Thursday, September 16, 2010

Abstract Submitted for ISAS 2011

(as soon as I dig out from a new batch of wretchedly annoying and boring department chair stuff, I will do a post explaining more about lexomics, but here's a preview of what I hope to present at the International Society of Anglo-Saxonists conference at Madison this summer)

Untangling the Cynewulfian Corpus with Lexomic and Traditional Methods


At ISAS 2009 our multi-disciplinary team (English, Statistics, Computer Science) demonstrated software that researchers can use to generate statistical profiles of Anglo-Saxon texts.  In this paper we present some of the results arrived at by using these tools, showing how, when combined with traditional approaches, lexomic methods can shed light on some long-standing problems in Anglo-Saxon studies.  Specifically, we use hierarchical agglomerative clustering to examine relationships of the vocabulary of the signed poems of Cynewulf (Christ II, Juliana, Elene and The Fates of the Apostles) with other poems that have been over the years thought by some scholars to be by Cynewulf or in some way related to his work (Guthlac B, The Phoenix, Andreas, Christ I and Christ III).  

Our software tools, whose development was supported by the National Endowment for the Humanities, allow us to cut poems into sections which we can then compare to each other in terms of vocabulary distribution.  In early work on Genesis, Daniel, Azarias and Christ III, we determined that the dendrograms, or tree-diagrams created by hierarchical agglomerative cluster analysis could be used to identify sections of poems that are particularly similar to each other, such as lines 279-361 of Daniel with Azarias.  We also discovered that sections of poems cluster together by source: the chunks of Genesis B cluster together and separate from those with biblical sources; the section of Daniel influenced by liturgical texts and the portions of Christ III directly influenced by sermons of Caesarius of Arles were likewise separated. 

Recognizing the differences between sections of poems and the strong influence of sources enabled us to refine our techniques and avoid the pitfalls of previous attempts to identify digital “signatures” (effectively critiqued by Janet Bately).  Combining our more subtle lexomic methods with close reading and philological analysis allows us to determine that the signed Cynewulfian poems have significant similarities in vocabulary distribution (except in sections that are strongly influenced by direct paraphrase of a Latin source, such as much of Juliana).  This similarity does not extend to the unsigned poems, with the major exception of most of Guthlac B, which is indeed very similar in vocabulary distribution to the signed poems. The combined lexomic and traditional evidence supports the long-held suspicion that this poem is also by Cynewulf (the poem is acaudate, so the lack of a runic signature is not dispositive).  We also note that Christ I and Christ III exhibit different vocabulary distributions from each other and from Christ II, providing additional reasons to reject the one-poem hypothesis put forth so forcefully by Albert S. Cook but questioned by more recent scholars.  We then discuss the similarity and difference of sections of the other putatively Cynewulfian poems and the implications of these relationships for the poems’ relative chronology.  We conclude by noting that although computer-based and advanced statistical methods can never provide definitive arguments, they can usefully augment traditional analysis. 
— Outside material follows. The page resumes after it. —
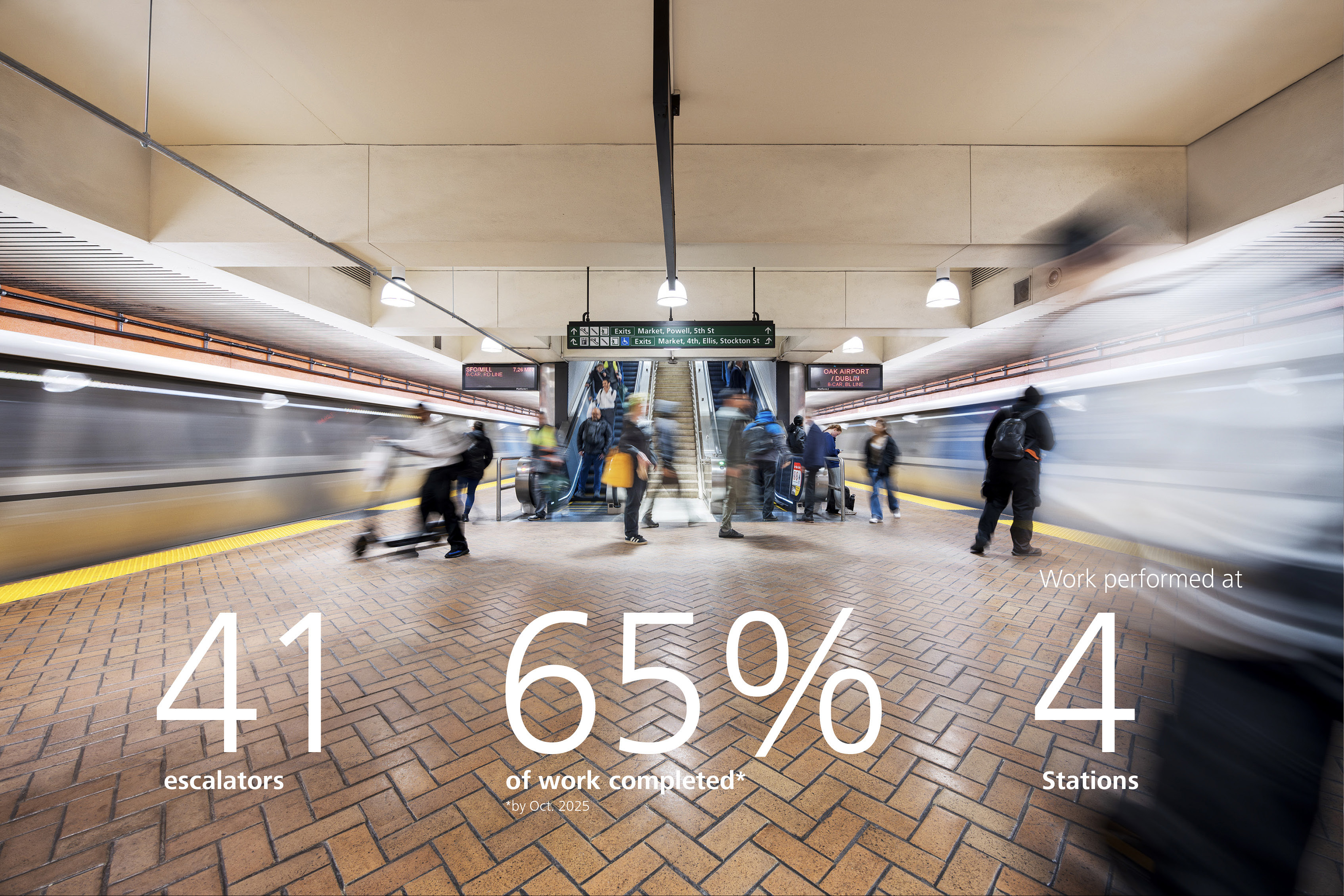 Since 2020, Schindler teams in California have played a key role in this massive underground modernization project, retrofitting 41 escalators across four BART stations – Embarcadero, Montgomery Street, Powell Street, and Civic Center. Located beneath the legendary Market Street in downtown San Francisco, these are the busiest of all 48 BART stations in terms of passenger volume.

Tools and software available at http://lexomics.wheatoncollege.edu .

2 comments:

STAG said...

hierarchical agglomerative cluster analysis

Now there's a mouthful.

Derek said...

Very cool! But, in thinking about the Christ cycle, doesn't Christ I already fall outside of a typical application of the tool due to its heavy use of liturgical materials? As in, we can't get a true positive, only a false negative due to the influnce of the Latin antiphons?